*** Opening Extracted information ***
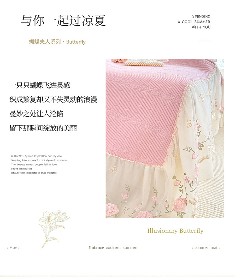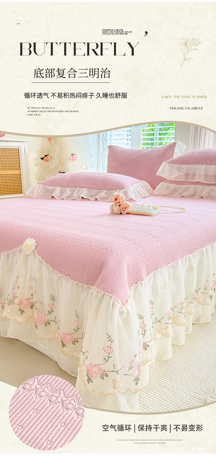 商品名称:苏米娜家纺SUMINA 2026新款PE高分子弯边工艺床裙款凉席三件套-可心 可心-粉黛
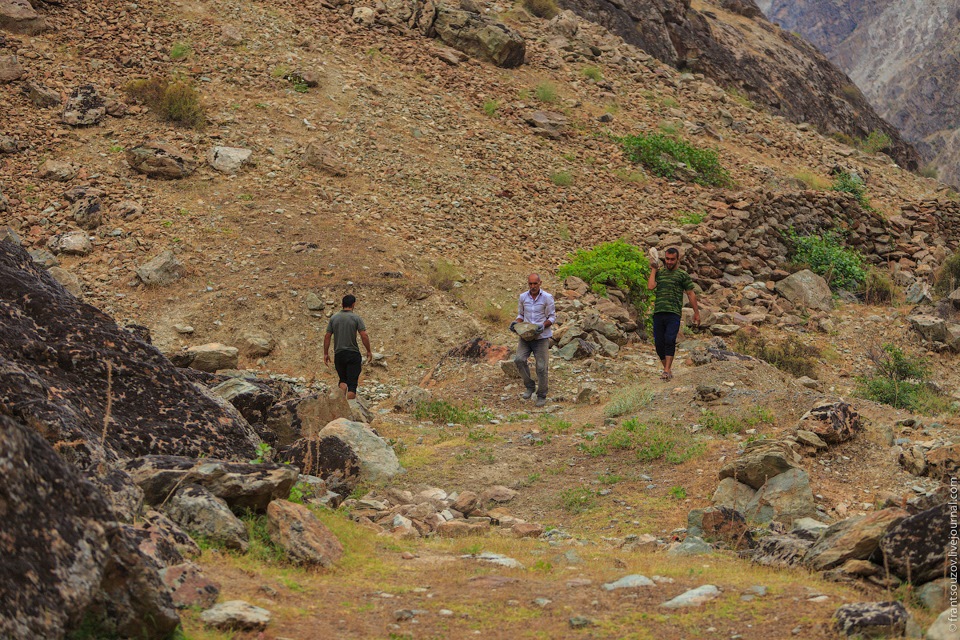 2. Утром пришли местные собирать камни для постройки сарая. Разговорились с парнями. Они рассказали, что дети учат русский язык в школах, а с сентября 2015 им добавили больше предметов на русском языке. Несмотря на ограничительную миграционную политику России, простые люди все-таки надеются на дальнейшее сближение наших стран. И, как стало понятно из разговора, у старшего поколения присутствует ностальгия по СССР.
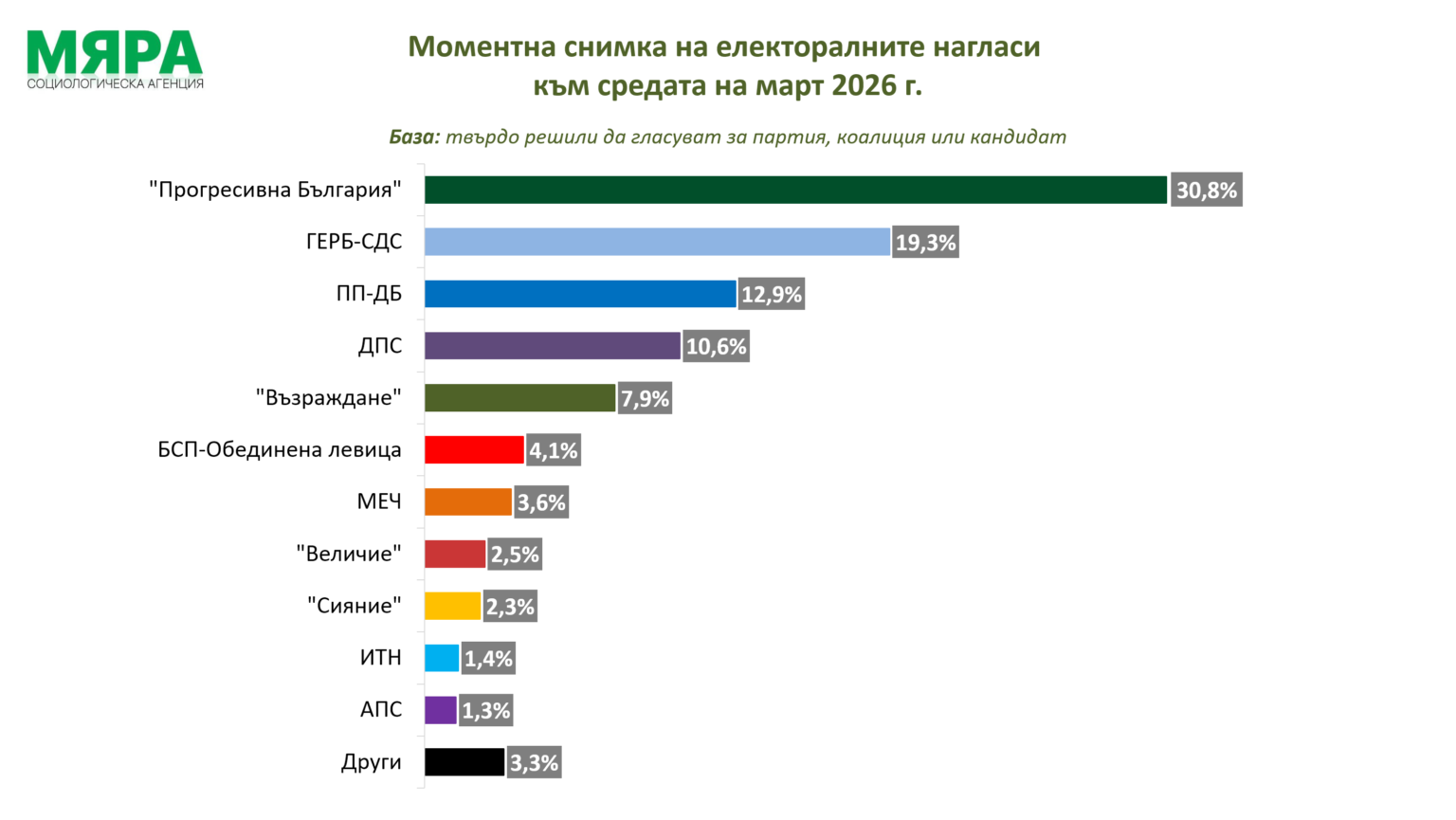 Ако изборите бяха в средата на март, декларативната подкрепа сред заявяващите, че ще гласуват за определена партия и коалиция или кандидат, изглежда по следния начин: формацията на Румен Радев „Прогресивна България“ би спечелила 30,8% от гласовете, ГЕРБ-СДС – 19,3%, ППДБ – 12,9%, ДПС (Ново начало) – 10,6% и „Възраждане“ – 7,9%. Около бариерата би била БСП-Обединена левица с текущ резултат „на ръба“ с 4,1%, недалеч от МЕЧ – с 3,6%. „Величие“ би имало 2,5%, а „Сияние“ влиза отчетливо в битката за ръст – с 2,3%. ИТН би получила 1,4%, а АПС – 1,3%. В битката към процент, от днешна гледна точка, могат да се различат формации като „Синя България“, „Антикорупционен блок“ и т.н.
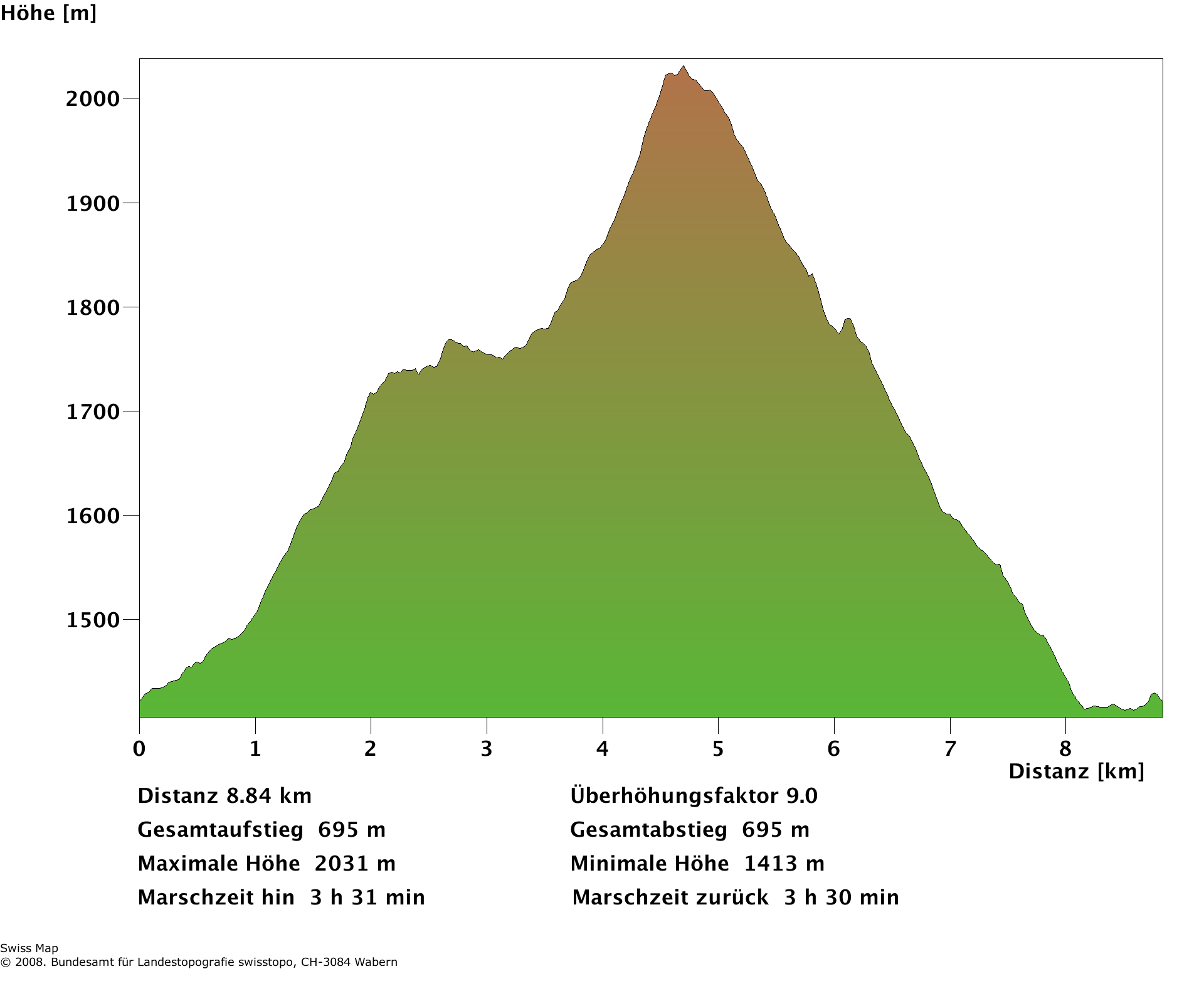 Optional Abstecher auf den Gipfel des Wiriehorns (2304m). 340m Auf- und Abstieg zusätzlich, ca. 1.5 Stunden mehr Laufzeit. Rundtour mit Gipfelabstecher wäre also 5h Marschzeit. Auf der Nordschulter bei knapp 2200 M.ü.M. hat's auch schon einen lohnenden Aussichtspunkt.
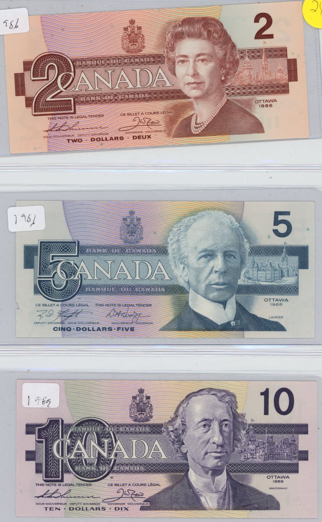 Canadian $2 ,$5, $10 (1986, 1989) Bill
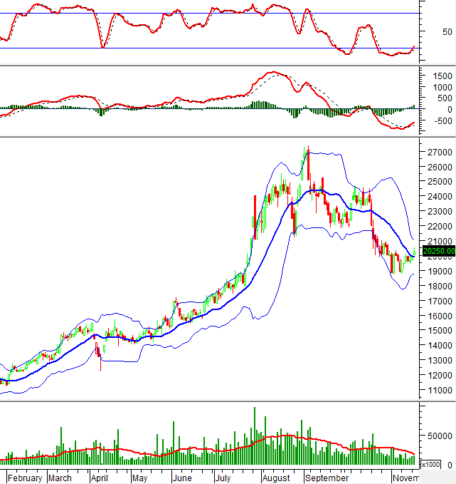 Hiện tại, giá của VND đã cắt lên đường Middle của Bollinger Bands trong bối cảnh chỉ báo Stochastic Oscillator tiếp tục tăng và vượt lên khỏi vùng quá bán (Oversold) sau khi cho tín hiệu mua. Nếu tín hiệu kỹ thuật tích cực tiếp tục duy trì thì đà phục hồi ngắn hạn sẽ bền vững hơn.
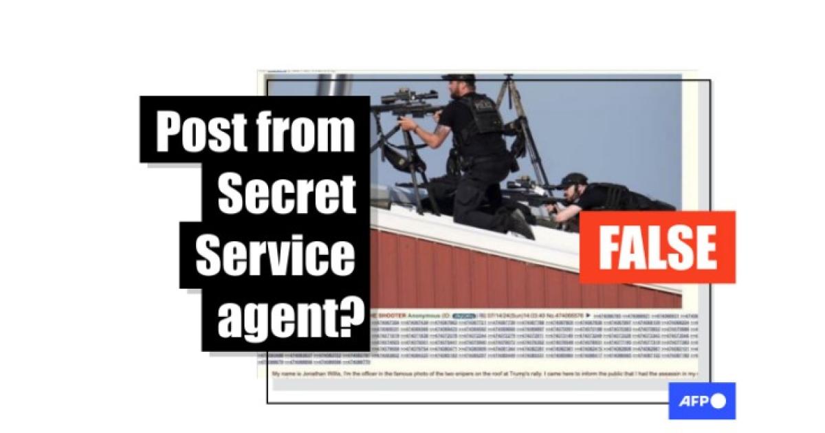 "My name is Jonathan Willis, I'm the officer in the famous photo of the two snipers on the roof at Trump's rally," says a 4chan post shared across Facebook, Instagram, Threads, X and other platforms -- including in German and Spanish.
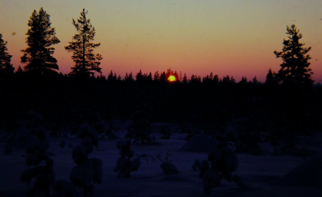 翌日、郊外の山の中へ雪景色の写真を撮りに行った。冬至に向かってますます昼間の時間は少なくなった。空がやや明るくなり茜色になる。やがて太陽が顔を出し、半分も出たところでまた沈んでしまう。そこからは夕焼けだ。その間1時間ほど。この明るいうちに写真を撮らなくてはならない。大忙しで雪の原を駆け回った。
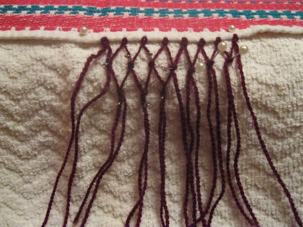 Никакие коклюшеподобные предметы мне не понадобились: бахрома оказалась довольно мелкой, затягивалась на глаз. Есть ряд нюансов, которые пришлось учитывать при плетении бахромы именно из толстой пряжи: во-первых, неплотно затянутые узелки, хотя и сохраняют полезное качество "самовыравнивания", но смотрятся некрасиво, как больной узловатый сустав на пальце. Пришлось тратить дополнительное время на утягивание узелков. Во-вторых, я очень кстати начала наплетать бахрому с изнанки: так она симпатичнее всего смотрится именно с лицевой стороны. В третьих, толстые и плотно скрученные кончики ведут себя просто бешено
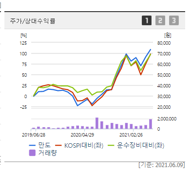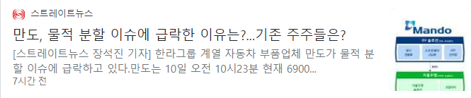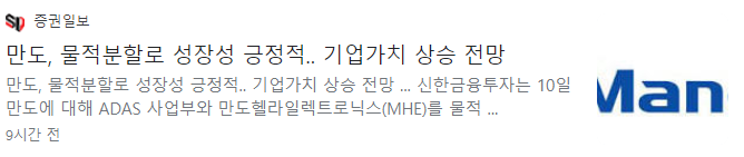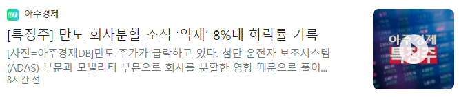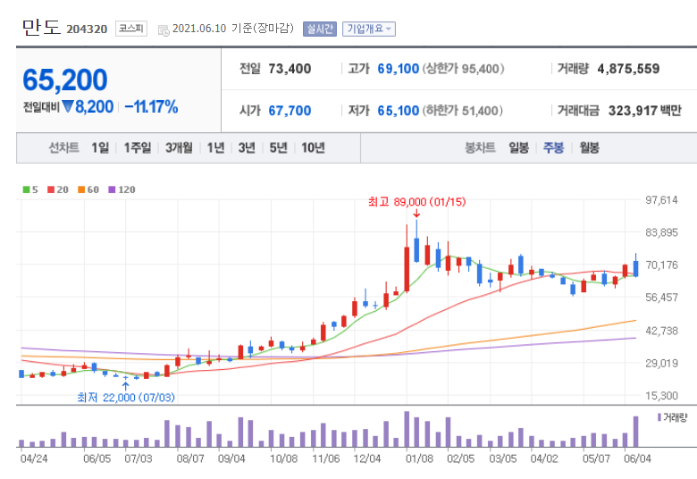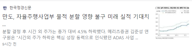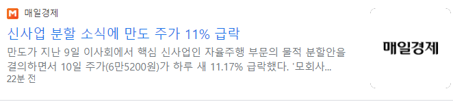 만도가 자율주행(ADAS) 부문 물적 분할하기로 했다는 소식이 알려지자 주가는 10%대 급락했습니다. 10일 만도의 주가는 전 거래일 대비 8200원(11.17%) 내린 6만 5200원에 거래를 마쳤습니다. 최근 연일 오름세를 이어갔으나 닷새만에 급 반락하고 만 것입니다. 분할되어 미치는 영향은 제한적이지만 주주가치의 희석을 우려한 투자매물이 쏟아지면서 급락한 것으로 풀이됩니다.
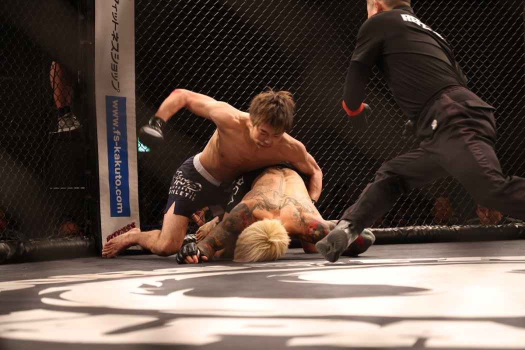 ダウンを奪った藤井がパウンドの追撃でTKO勝ち(撮影・青木純)
*** Closing Extracted information ***
# Your assignment:
Reproduce the listing exactly. Leave its pictures out.

# Response:
 商品名称:苏米娜家纺SUMINA 2026新款PE高分子弯边工艺床裙款凉席三件套-可心 可心-粉黛
 2. Утром пришли местные собирать камни для постройки сарая. Разговорились с парнями. Они рассказали, что дети учат русский язык в школах, а с сентября 2015 им добавили больше предметов на русском языке. Несмотря на ограничительную миграционную политику России, простые люди все-таки надеются на дальнейшее сближение наших стран. И, как стало понятно из разговора, у старшего поколения присутствует ностальгия по СССР.
 Ако изборите бяха в средата на март, декларативната подкрепа сред заявяващите, че ще гласуват за определена партия и коалиция или кандидат, изглежда по следния начин: формацията на Румен Радев „Прогресивна България“ би спечелила 30,8% от гласовете, ГЕРБ-СДС – 19,3%, ППДБ – 12,9%, ДПС (Ново начало) – 10,6% и „Възраждане“ – 7,9%. Около бариерата би била БСП-Обединена левица с текущ резултат „на ръба“ с 4,1%, недалеч от МЕЧ – с 3,6%. „Величие“ би имало 2,5%, а „Сияние“ влиза отчетливо в битката за ръст – с 2,3%. ИТН би получила 1,4%, а АПС – 1,3%. В битката към процент, от днешна гледна точка, могат да се различат формации като „Синя България“, „Антикорупционен блок“ и т.н.
 Optional Abstecher auf den Gipfel des Wiriehorns (2304m). 340m Auf- und Abstieg zusätzlich, ca. 1.5 Stunden mehr Laufzeit. Rundtour mit Gipfelabstecher wäre also 5h Marschzeit. Auf der Nordschulter bei knapp 2200 M.ü.M. hat's auch schon einen lohnenden Aussichtspunkt.
 Canadian $2 ,$5, $10 (1986, 1989) Bill
 Hiện tại, giá của VND đã cắt lên đường Middle của Bollinger Bands trong bối cảnh chỉ báo Stochastic Oscillator tiếp tục tăng và vượt lên khỏi vùng quá bán (Oversold) sau khi cho tín hiệu mua. Nếu tín hiệu kỹ thuật tích cực tiếp tục duy trì thì đà phục hồi ngắn hạn sẽ bền vững hơn.
 "My name is Jonathan Willis, I'm the officer in the famous photo of the two snipers on the roof at Trump's rally," says a 4chan post shared across Facebook, Instagram, Threads, X and other platforms -- including in German and Spanish.
 翌日、郊外の山の中へ雪景色の写真を撮りに行った。冬至に向かってますます昼間の時間は少なくなった。空がやや明るくなり茜色になる。やがて太陽が顔を出し、半分も出たところでまた沈んでしまう。そこからは夕焼けだ。その間1時間ほど。この明るいうちに写真を撮らなくてはならない。大忙しで雪の原を駆け回った。
 Никакие коклюшеподобные предметы мне не понадобились: бахрома оказалась довольно мелкой, затягивалась на глаз. Есть ряд нюансов, которые пришлось учитывать при плетении бахромы именно из толстой пряжи: во-первых, неплотно затянутые узелки, хотя и сохраняют полезное качество "самовыравнивания", но смотрятся некрасиво, как больной узловатый сустав на пальце. Пришлось тратить дополнительное время на утягивание узелков. Во-вторых, я очень кстати начала наплетать бахрому с изнанки: так она симпатичнее всего смотрится именно с лицевой стороны. В третьих, толстые и плотно скрученные кончики ведут себя просто бешено
 만도가 자율주행(ADAS) 부문 물적 분할하기로 했다는 소식이 알려지자 주가는 10%대 급락했습니다. 10일 만도의 주가는 전 거래일 대비 8200원(11.17%) 내린 6만 5200원에 거래를 마쳤습니다. 최근 연일 오름세를 이어갔으나 닷새만에 급 반락하고 만 것입니다. 분할되어 미치는 영향은 제한적이지만 주주가치의 희석을 우려한 투자매물이 쏟아지면서 급락한 것으로 풀이됩니다.
 ダウンを奪った藤井がパウンドの追撃でTKO勝ち(撮影・青木純)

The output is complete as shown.